Но власть, как и любовь, – это обоюдоострое оружие: им можно поразить и от него же погибнуть. Вызывая чувство восторга, когда ты паришь, как на крыльях, она порождает и прямо противоположное настроение. Погоня за призрачным, ускользающим счастьем, которое дарует власть, сравнима разве что с поиском идеальной любви, которой человек жаждет и одновременно боится, ищет, но никак не может обрести. Диана с ненасытной жадностью стремилась объять необъятное: все узнать, во все вникнуть, докопаться до сути вещей, постичь смысл бытия. Те, кто ее близко знал и любил, подозревали о ее душевных метаниях и полагают, что она редко бывала счастлива.
Сейчас уже невозможно узнать – ведь у самой Дианы не спросишь, – какая сторона обоюдоострого клинка власти ранила ее больнее. Наверное, ей пришлось очень многое пережить, когда она, став в двадцать восемь лет личным секретарем и правой рукой своего отца, очутилась в гуще политических конфликтов и интриг. Ее бесчисленные друзья свидетельствуют, что таких умных людей, как Диана, они почти не встречали; она обладала невероятным запасом знаний, удивительными аналитическими способностями и какой-то сверхъестественной интуицией. Ее враги прямо называют Диану серым кардиналом, главным возмутителем спокойствия, спрятавшимся за президентским креслом. Другие, напротив, считают, что Диана не думала о себе, а превыше всего ставила политическую судьбу отца. Стараясь спасти его от нападок, часто идя наперекор всем и вся, она могла невольно стать орудием придворных льстецов.

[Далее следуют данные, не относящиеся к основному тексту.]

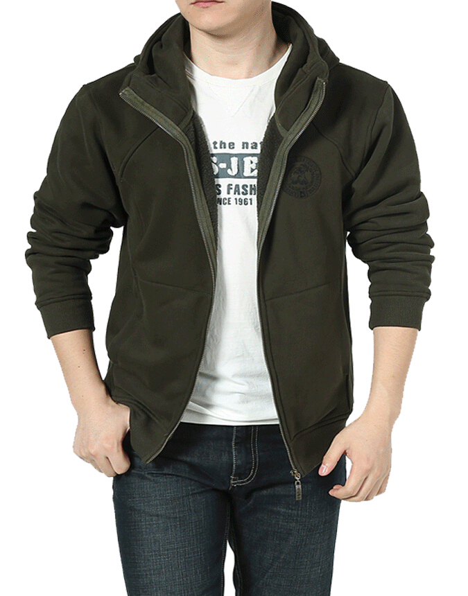 > 時尚軍綠色連帽開衫衛(wèi)衣

Диана родилась 8 марта 1950 года, под злополучным знаком Рыбы, в то время, когда ее отец уже ожидал своей очереди, чтобы занять президентское кресло. Куда бы она ни попадала, везде проявлялись ее врожденные лидерские качества: в Андском колледже Боготы, в манхэттенской школе для девочек «Монастырь Святого Сердца» или же, по возвращении на родину, в Университете Святого Фомы Аквинского, где она училась на факультете права, но не защитила диплом.
Достаточно поздний приход в журналистику, которая тоже властвует, но, к счастью, лишь над умами, судя по всему, оказался для Дианы обретением себя, причем в своей лучшей ипостаси. Она создала журнал «Ой пор ой» и новостную телепрограмму «Криптон», считая, что это будет наикратчайшей дорогой к установлению мира в стране.
– Мне уже не хочется ни с кем бороться, нет запала для ссор, – как-то призналась Диана. – Моя позиция теперь сугубо примирительная.
Она настолько стремилась к миру, что даже села за стол переговоров с Карлосом Писарро, команданте М-19, который в свое время чуть не угодил гранатой в комнату, где находился президент Турбай. Рассказывая об этом, Дианина подруга с улыбкой комментирует:
– Диана поняла, что ей лучше быть шахматистом, взвешивающим каждый ход, а не боксером, который пытается поколотить всех вокруг.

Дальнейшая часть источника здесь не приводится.